*RECORDED DATA:*
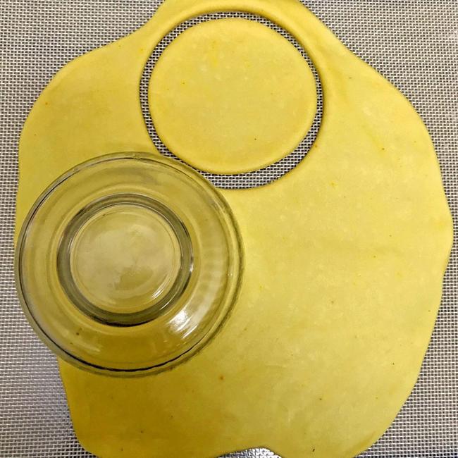 - Bột sau khi bạn hòa và nhào nặn cho đạt yêu cầu và để 30 phút thì mang ra tạo hình. Bạn dùng cây cán bột cán mỏng. Rắc bột áo là bột mì khô để chống dính, cán bột mỏng rồi lấy một cái bát ăn cơm hoặc bát to hơn ấn xuống làm khuôn thành hình tròn. Thực hiện bước làm bánh này cho đến khi hết bột.
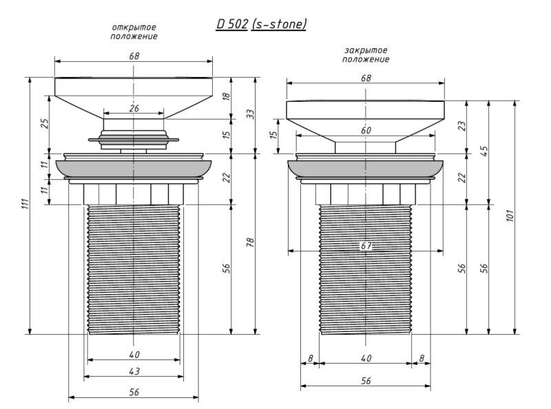 Аккуратная крышка клапана становится естественным продолжением дна, не слишком выделяясь на фоне всей ванны или раковины. Она может быть выполнена как из материала S-Stone, так и материала S-Sense с матовой или глянцевой поверхностью.
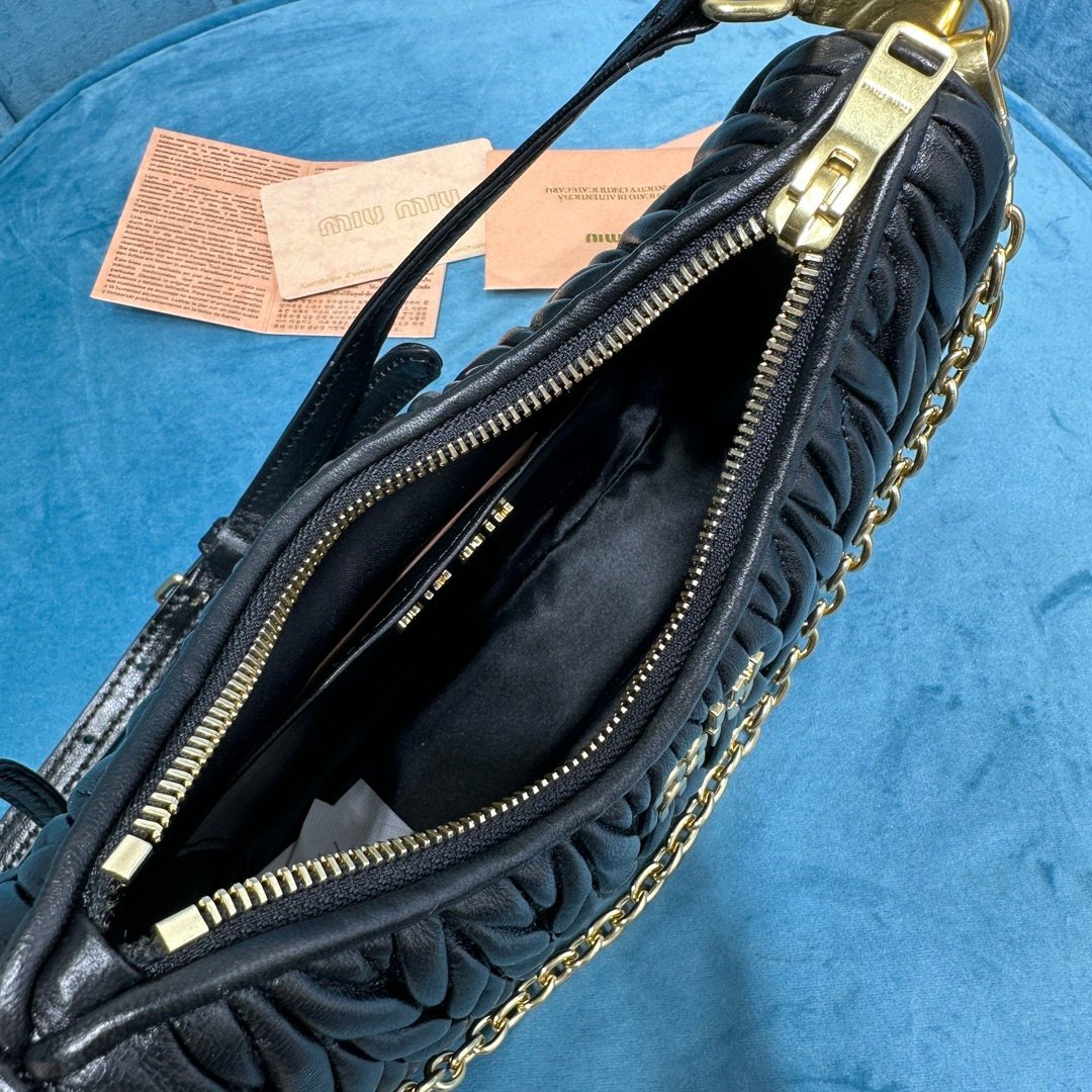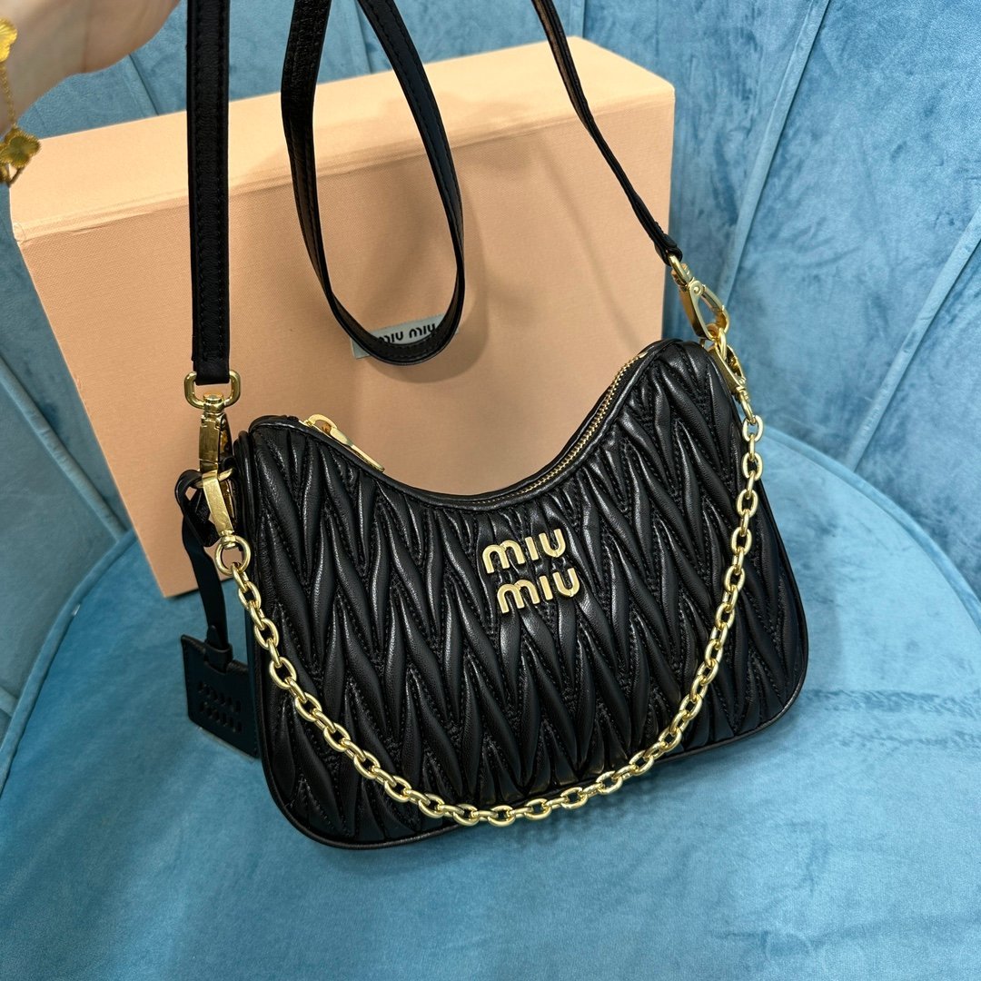 5BH211: new miumiu pleated chain bag! This new soft sheepskin shoulder bag picks up the exquisite Matelassé craftsmanship for a beautifully three-dimensional effect. The engraved logo is echoed in the different metal finishes of the metal fittings, emphasizing the iconic and recognizable style of the brand. Functionality and aesthetics are complemented by a detachable chain and leather shoulder strap, a Matelassé pattern, a detachable chain handle, a 105 cm detachable and adjustable leather shoulder strap, and a detachable leather cosmetic mirror case. Zipper closure, cotton satin lining! With dust bag! Size: 17 *20 *5cm. 1080089

*EXERCISE AIM:* Please print the listing above again word for word, without its pictures.

*COMPLETED EXERCISE:*
 - Bột sau khi bạn hòa và nhào nặn cho đạt yêu cầu và để 30 phút thì mang ra tạo hình. Bạn dùng cây cán bột cán mỏng. Rắc bột áo là bột mì khô để chống dính, cán bột mỏng rồi lấy một cái bát ăn cơm hoặc bát to hơn ấn xuống làm khuôn thành hình tròn. Thực hiện bước làm bánh này cho đến khi hết bột.
 Аккуратная крышка клапана становится естественным продолжением дна, не слишком выделяясь на фоне всей ванны или раковины. Она может быть выполнена как из материала S-Stone, так и материала S-Sense с матовой или глянцевой поверхностью.
 5BH211: new miumiu pleated chain bag! This new soft sheepskin shoulder bag picks up the exquisite Matelassé craftsmanship for a beautifully three-dimensional effect. The engraved logo is echoed in the different metal finishes of the metal fittings, emphasizing the iconic and recognizable style of the brand. Functionality and aesthetics are complemented by a detachable chain and leather shoulder strap, a Matelassé pattern, a detachable chain handle, a 105 cm detachable and adjustable leather shoulder strap, and a detachable leather cosmetic mirror case. Zipper closure, cotton satin lining! With dust bag! Size: 17 *20 *5cm. 1080089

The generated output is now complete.